LOOK WHO’S HERE”
“My presence shall go with you and I will give you rest” (Exodus 33:14).
If not careful, most of us, as believers, tend to gravitate toward form, ritual and religion when it comes to worship and personal devotions. We often forget that faith in God is grounded in a relationship with God’s Son, Jesus Christ. “Without faith it is impossible to please Him, for he who comes to God must believe that He is, and that He is a rewarder of those who seek Him” (Heb.11: 6 NAS). Even though a literal translation may say, that God “exists,” I believe that it is enough to believe that He just is. He is real, He is available, and He reveals Himself by His presence. This is more than a theological or academic statement. God is so real that we experience Him! This thought may not set well with an intellectual mindset. Some get more than a little squeamish about things of the Spirit. We start labeling, “charismatic”, “religious freak”, or “holy rollers”. Some are afraid of the word experience. Others make experience their only model. In his classic book, God’s Empowering Presence, Gordon D. Fee makes two significant points in his preface:
First, by and large the crucial role of the Spirit in Paul’s life and thought – as the dynamic, experiential reality of Christian life – is often either overlooked or given mere lip service. This oversight has sometimes been corrected at the popular level by a variety of emphases in various sectors of the church – e.g. some mystics, the holiness movement, the deeper life movement, the Pentecostal movement – but in many instances these lack any sound exegetical base (experience tends to precede exegesis in most cases or betray inadequate theological reflection.)1
Fee renders a second point,
I am equally convinced that the Spirit in Paul’s experience and theology was always thought of in terms of the personal presence of God.

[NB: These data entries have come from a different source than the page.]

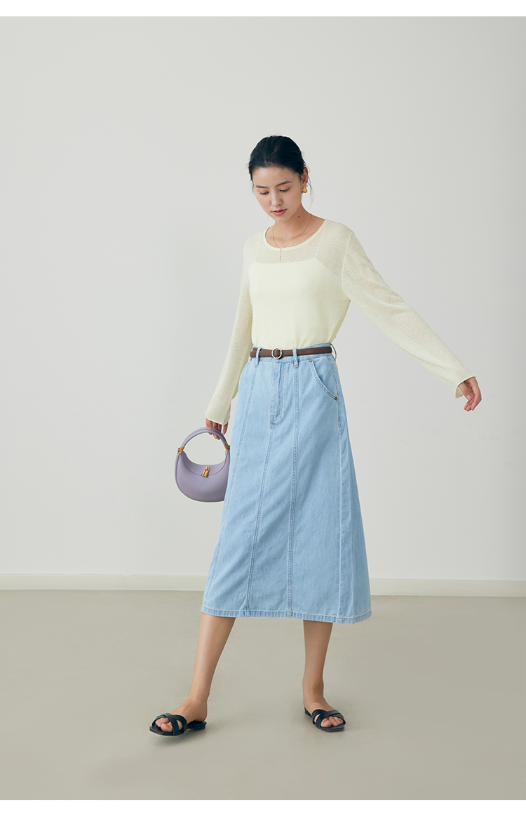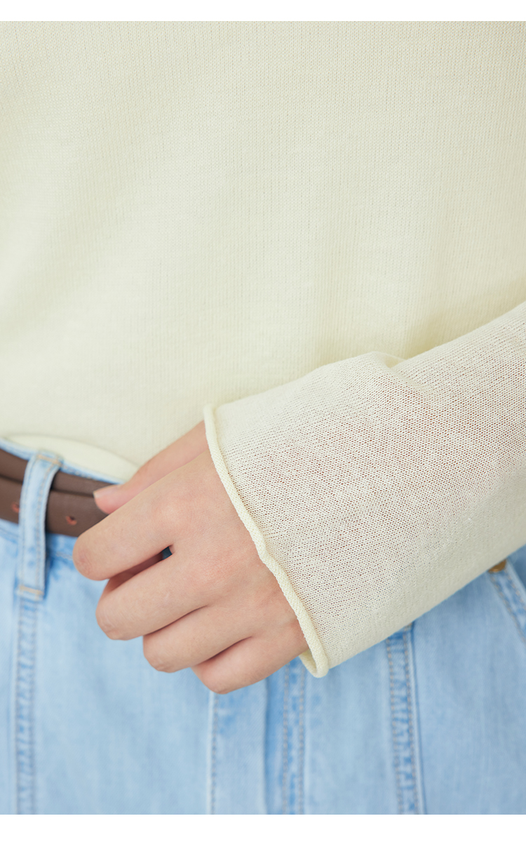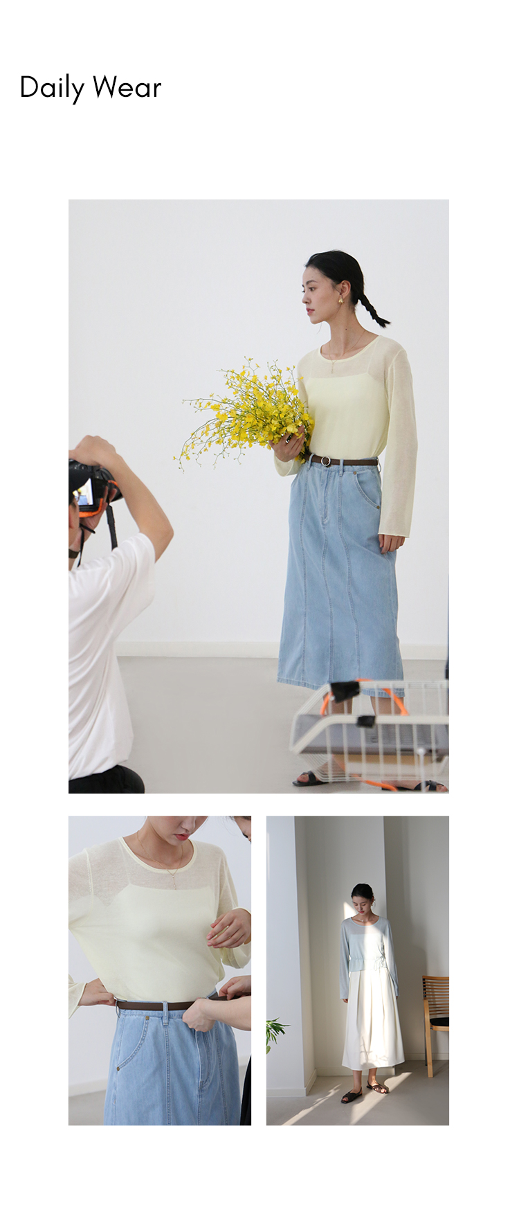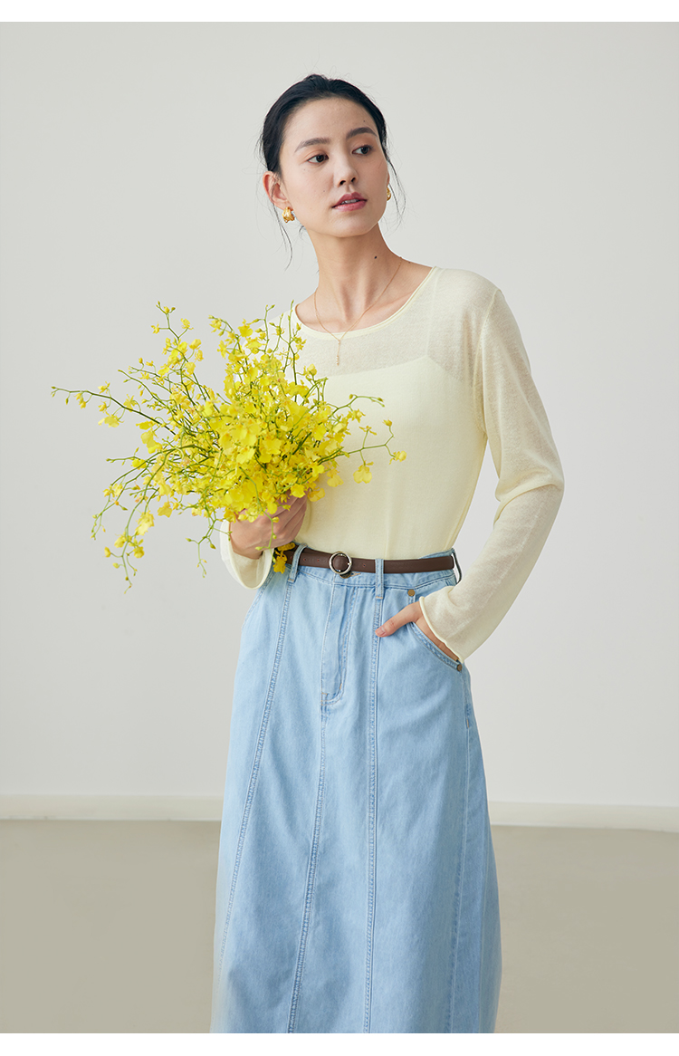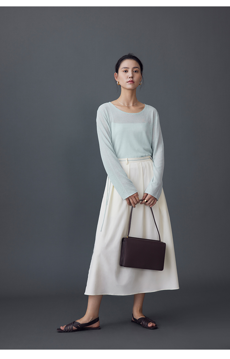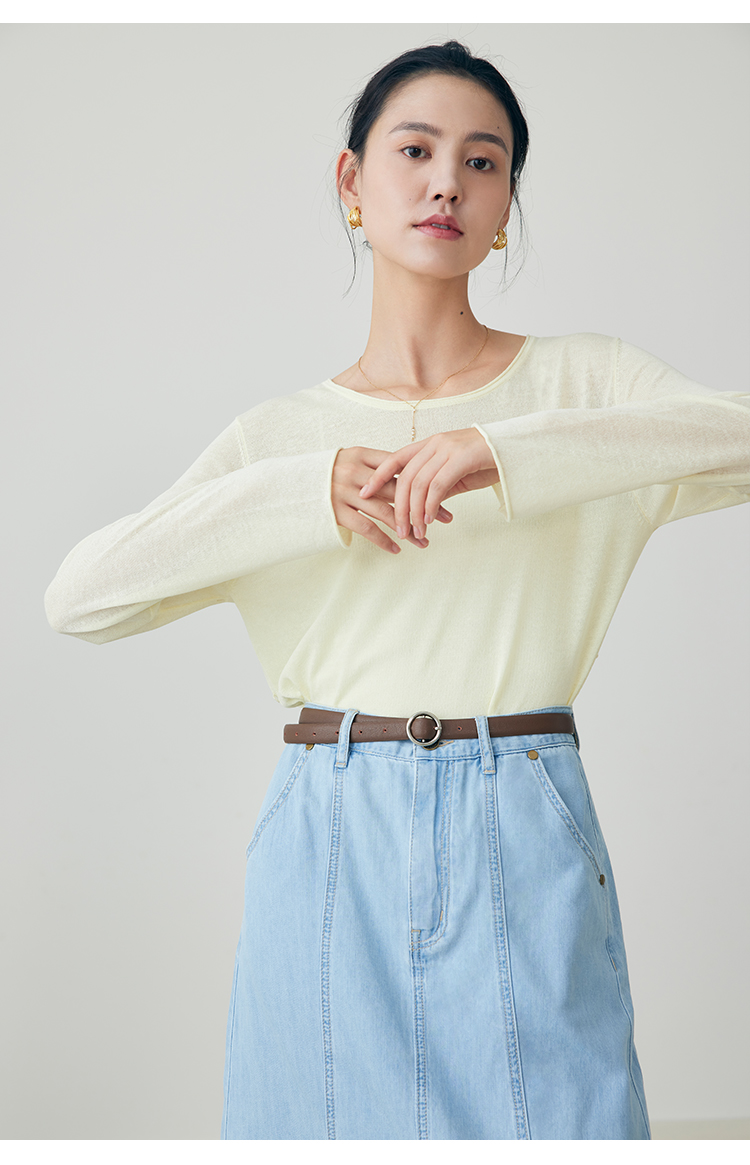 HeyDress天丝针织防晒衫女夏季法式圆领打底罩衫收腰设计感上衣
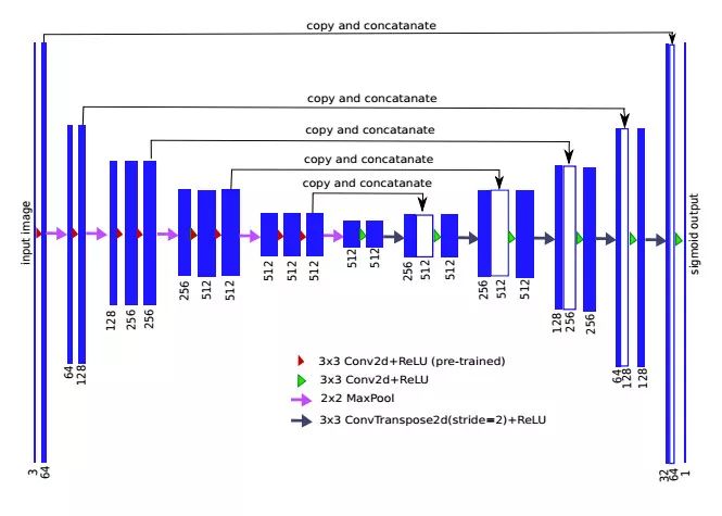 为了构建解码器,TernausNet 用两倍于特征图大小的转置卷积层同时将通道数减半。转置卷积的输出接着被连接到相应的编码器输出。得到的特征图通过卷积运算处理,保持通道数量与对应的编码器相同。上采样步骤重复了 5 次用来与 5 个最大池化层配对。如图 1 所示,由于 TernausNet 有 5 个最大池化层,每层下采样图像两次,因此,只有边可以被 32,即 2 的 5 次方,整除的图像可以用作此模型的输入。
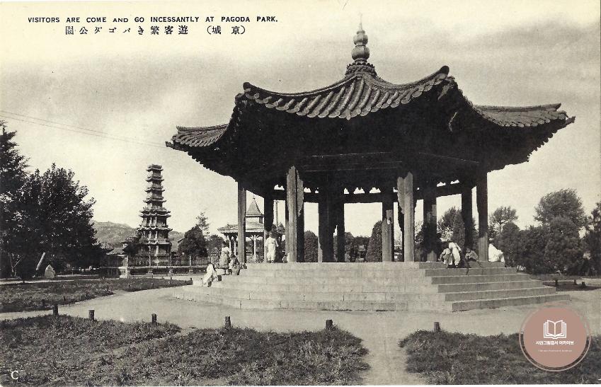 1930년대 다이쇼사진공예소(大正寫眞工藝所)에서 발행한 것으로 추정되는 '정치경제백선의 중심 - 경성부 명승집' 사진그림엽서 13매 중 파고다공원 모습이 담긴 자료이다. 파고다공원은 탑골공원으로도 불리는데, 공원 중앙의 원각사지 십층석탑이 위치해있기 때문이다. 본래 파고다공원 부지에는 조선 세조가 창건한 원각사가 있었고, 그때 십층석탑도 함께 건립되었다. 그러나 연산군과 중종 재임기간을 거치며 사찰이 훼철되고 주변에 민가가 건립되는 등 철저히 훼손되었다. 개항 이후 1897년 고종의 한성개조사업 일환으로 대한제국 최초의 근대공원 부지로 조성할 계획이 설립되었고, 그 결과 오늘날까지 이어지는 파고다공원이 조성되기에 이른다.
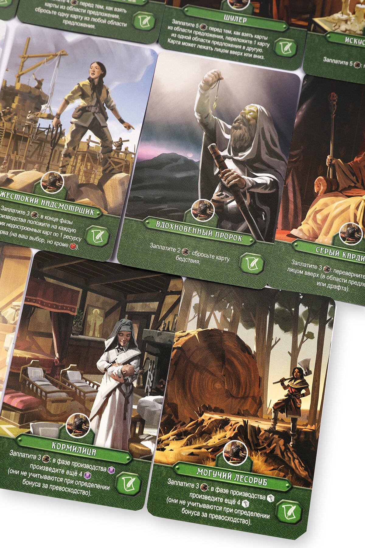 2) Планирование. Игроки решают какие карты они будут строить, а какие немедленно переработают, для получения ресурсов. Ресурсы требуются для строительства, но построенные карты могут приносить ресурсы каждый раунд и/или победные очки в конце игры.
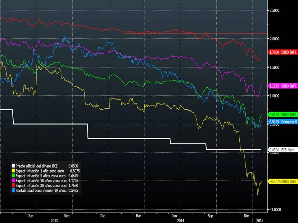 Así pues, el descuento del anuncio del QE por el BCE al menos ha servido para que repunten en Europa las expectativas de inflación según se aprecia en el gráfico que venimos adjuntando desde hace meses. Quiero destacar la línea verde (expectativas inflación a cinco años) y la azul (tir del bono alemán a 10 años). Las expectativas encadenan 7 sesiones de subidas (las mismas que la renta variable europea) y quizás esto explique la subida de la tir del bono alemán de 10 p.b. desde ayer por la mañana (del 0.44% al 0.54%)
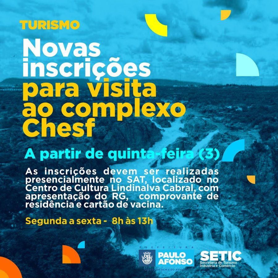 A Companhia Hidro Elétrica do São Francisco (Chesf), junto com a Prefeitura de Paulo Afonso, abre novamente nesta quinta-feira (3), as inscrições para a visitação ao complexo de usinas. No total, serão 40 vagas, em passeios realizados às 8h da manhã.
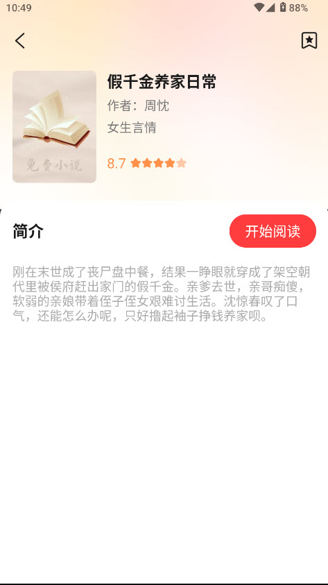 在感兴趣的小说详情页中,点击 “开始阅读” 按钮,即可进入阅读界面;
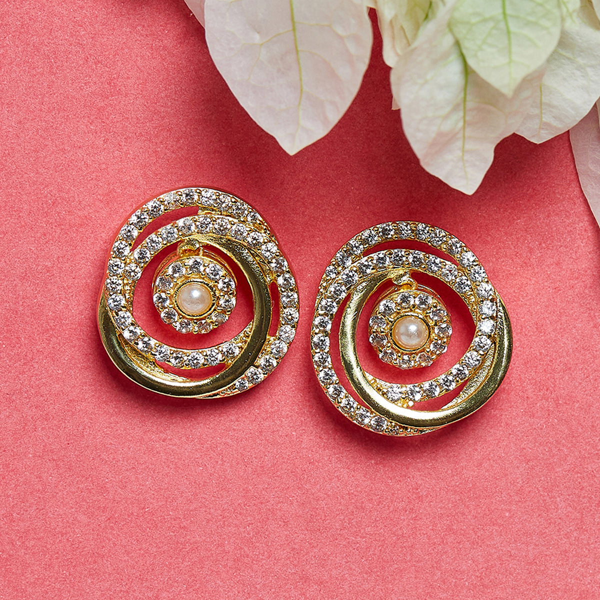 Crafted to perfection, this elegant pair of earrings is must have in your jewelry stash that will enhance the glory of yours as well as your collection. Studded with pearl for a lovely look.
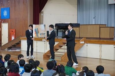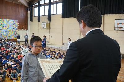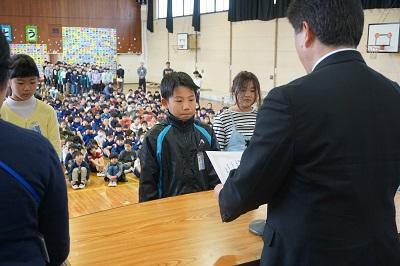表彰では、体育、図工、国語、家庭科関係で展覧会やコンクール、大会等で優秀な成績を修めた児童やクラスの表彰が行われました。
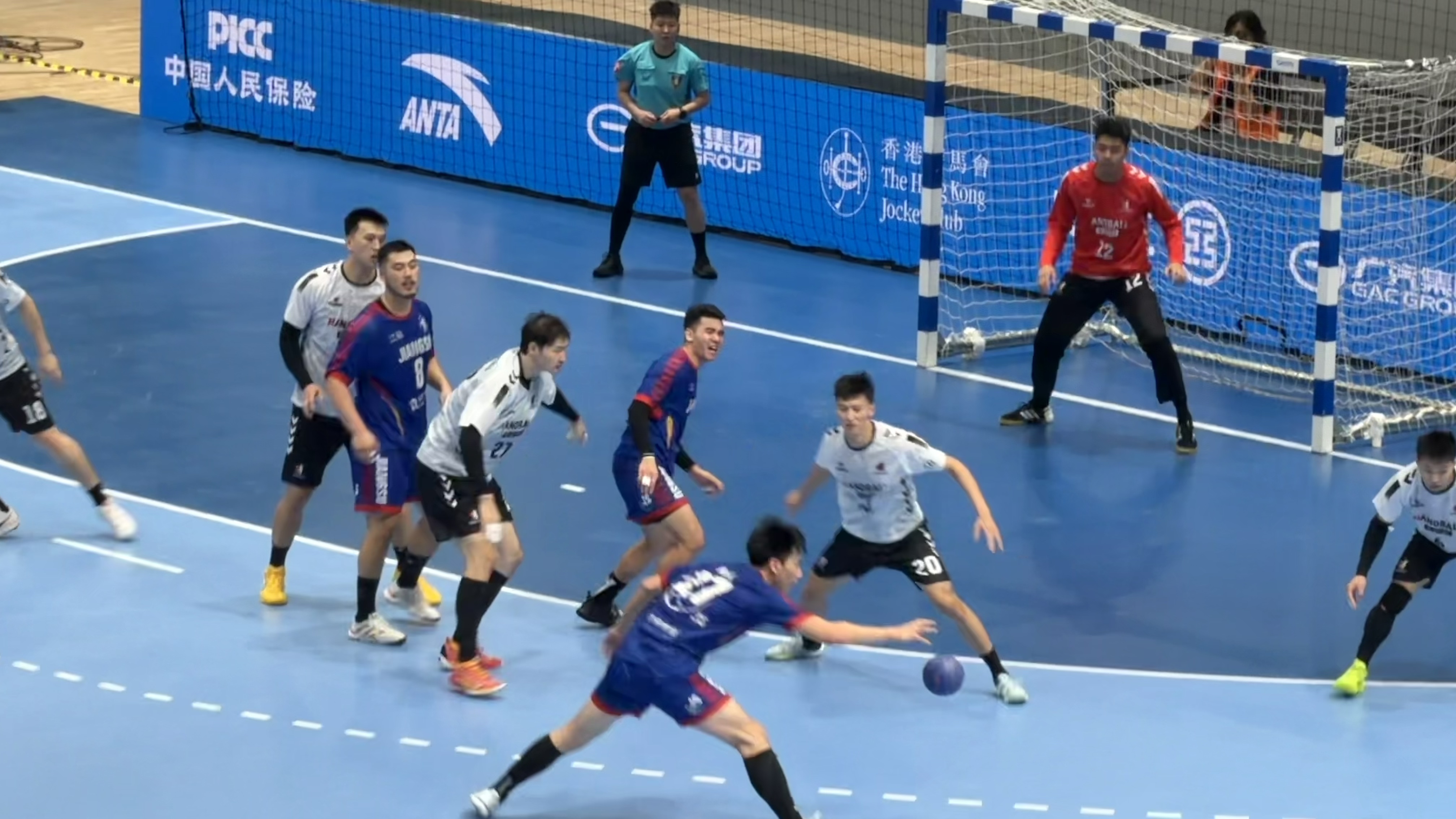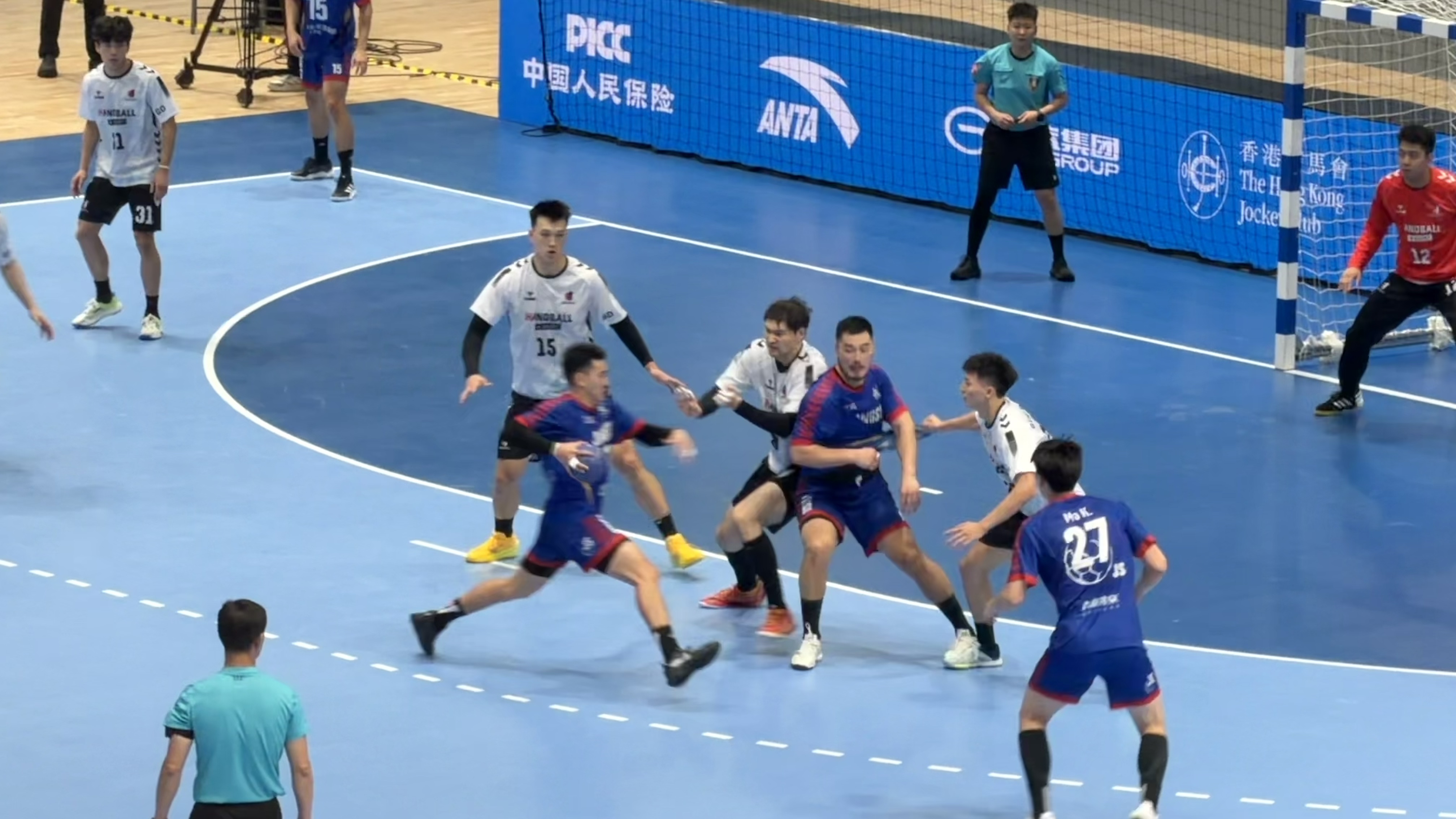現場賽況十分激烈,廣東隊在開場暫時領先,上半場進行一半時,江蘇隊8號射門得分,將比分追平至6:6;22分時,廣東隊22號罰球得分;24分時江蘇隊9號射門得分,比分變為8:9;隨即廣東隊在上半場內分別進球3次,江蘇隊則進球2次。半場結束時,雙方比分為10:12,廣東隊暫時保持領先優勢。
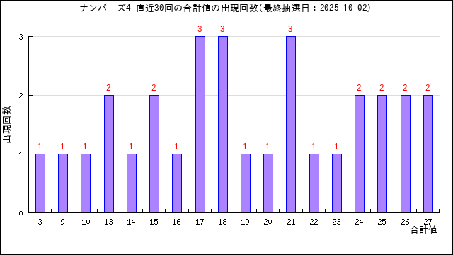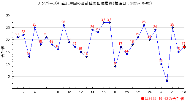 1番右端の赤丸の数字は前回出現した時の合計値です。
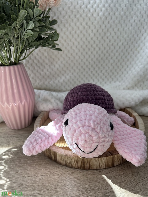 Nagy horgolt teknős (sötétlila-világosrózsaszín-fehér)
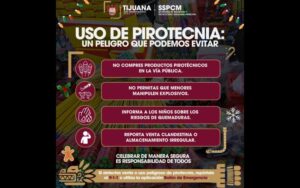 TIJUANA, DICIEMBRE 24, 2025.- Con motivo de las fiestas navideñas, la Secretaría de Seguridad y Protección Ciudadana Municipal (SSPCM) hizo un llamado a la ciudadanía a celebrar de manera responsable y segura, evitando el uso de pirotecnia y los disparos al aire, prácticas que cada año ocasionan lesiones graves, incendios y pérdidas irreparables.

The Spirit, God’s way of being present, powerfully present, in our lives and communities as we await the consummation of the kingdom of God…the Spirit was an experienced reality.2
A connection exists between salvation and worship! Salvation has everything to do with worship and worship has everything to do with salvation. This is true because, the Spirit of God presents Himself in regeneration and in exaltation of Jesus the Son whom we worship.
Fee later, in discussing the “Theology of the Spirit,” connects these ideas to the church. “The health of the contemporary church necessitates that its theology of the Spirit and its experience of the Spirit correspond more closely.”3
Church members, whatever the denomination, can attend Bible study and the worship service, talk “churchese” and call themselves believers, yet rarely if ever experience the presence of God.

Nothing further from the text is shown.